Is Carotid Intima-Media Thickness Useful in Predicting Renal Insufficiency in Asymptomatic Hypertensive Patients Attending a Tertiary Hospital in Nigeria?

Norbert Ndubuisi Unamba



Intima-media thickness of the carotid artery wall (CIMT) is a strong predictor of cardiovascular disease (CVD). The aim of this study was to investigate the association between CIMT and renal insufficiency as determined by the estimated glomerular filtration rate (eGFR), as well as determine the ability of CIMT to predict the presence of covert renal insufficiency in hypertensive Nigerian adults.

Two hundred and sixteen participants took part in the study, comprising of 72 hypertensive patients on antihypertensive medication (treated), 72 newly-diagnosed patients, and 72 apparently healthy, normotensive subjects.  The eGFR was determined from serum creatinine using the Cockroft-Gault formula, while the CIMT was determined by carotid ultrasonography.

There was no significant difference in the mean age of the study population (p=0.073).
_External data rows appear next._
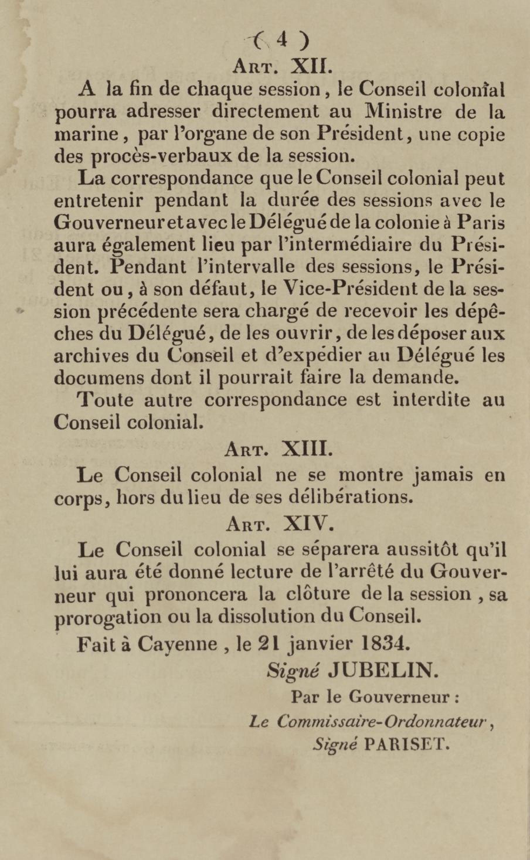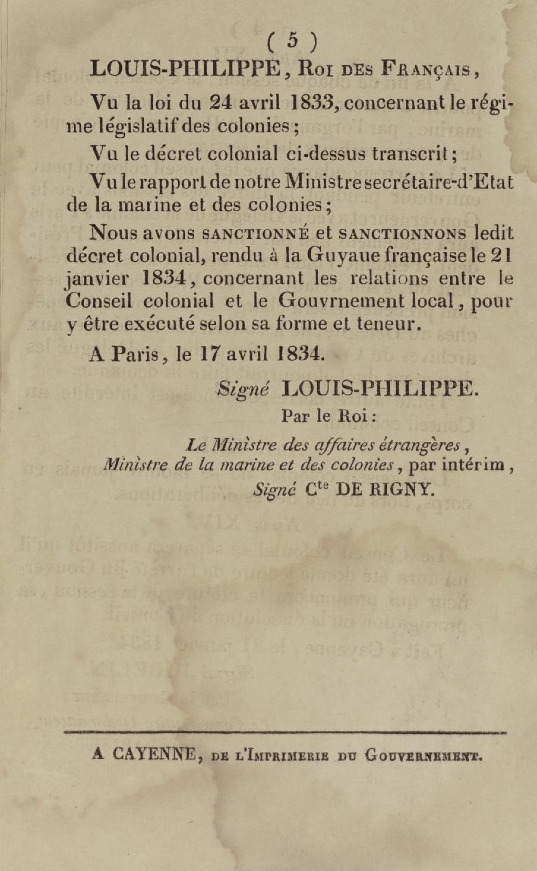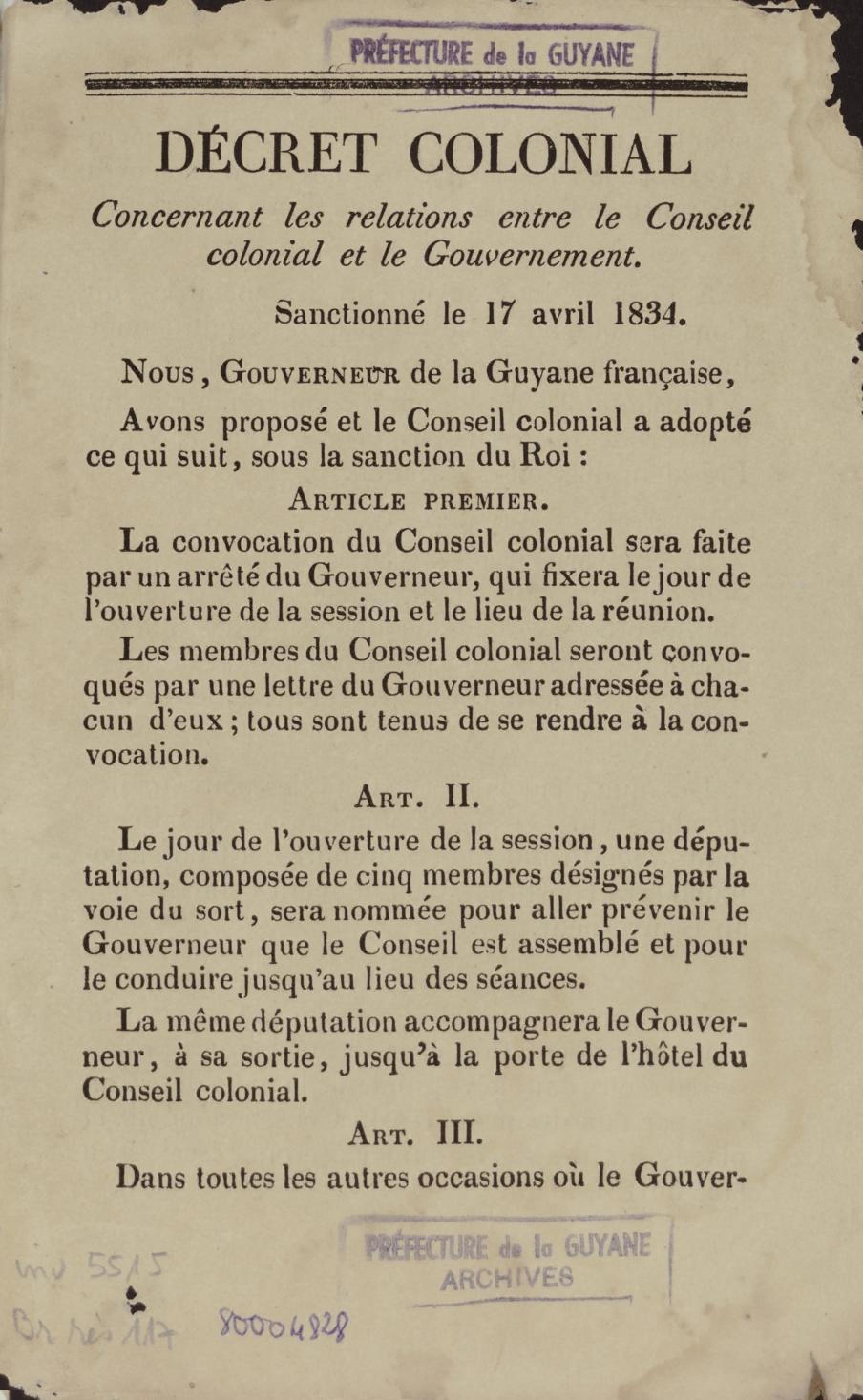 - Décret colonial concernant les relations entre le conseil colonial et le gouvernement : sanctionné le 17 avril 1834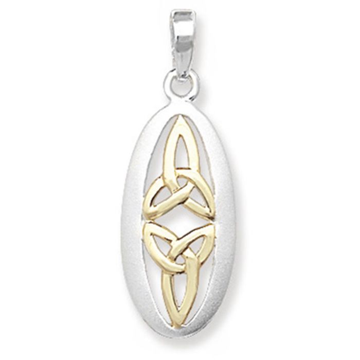 Sterling silver & gold plated oval celtic necklace.Pendant Height 20mm x Width 10mm.Approximate pendant weight 1.1 grams.This pendant will be supplied on a black leather cord necklace.The necklace will come to you in a black leatherette gift box and an Amandas Silver Boutique jewellery polishing cloth.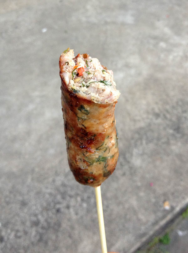 Thông thường món xúc xích ít được lựa chọn cho các món nướng ở Đông Nam Á. Nhưng có một ngoại lệ đáng chú ý, đó là món xúc xích Lào. Món ăn có hương vị phong phú với các loại thảo mộc và gia vị truyền thống như: sả, riềng (, lá chanh, ớt, hẹ, rau mùi khiến món ăn đặc biệt thơm ngon.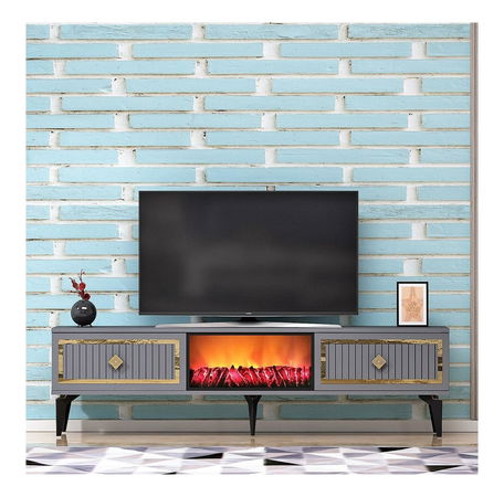 TV stolík/skrinka s krbom Kebive (antracit + zlatá)

CKD was found more in patients with increased CIMT (33.5%), than in those with normal CIMT (6.5%) (x2=12.170, p<0.0001). CKD was also most prevalent in the untreated hypertensive patients than in any of the other groups (x2=15.022, p=0.011).

Patients with increased CIMT suffered from a lower glomerular filtration rate (p<0.0001). The decline in eGFR with increasing CIMT had a significant inverse correlation in the untreated group (r=-0.391, p=0.013). The predictability of renal insufficiency by CIMT determined using the Receiver Operating Characteristics (ROC) curve, showed an area under the curve (AUC) of 0.807 (95% CI: 0.708-0.907) (p<0.0001).

CIMT is a strong and independent predictor of renal insufficiency in the untreated hypertensive adult Nigerian patients and should be considered a valuable tool for cardiovascular risk stratification in this population group.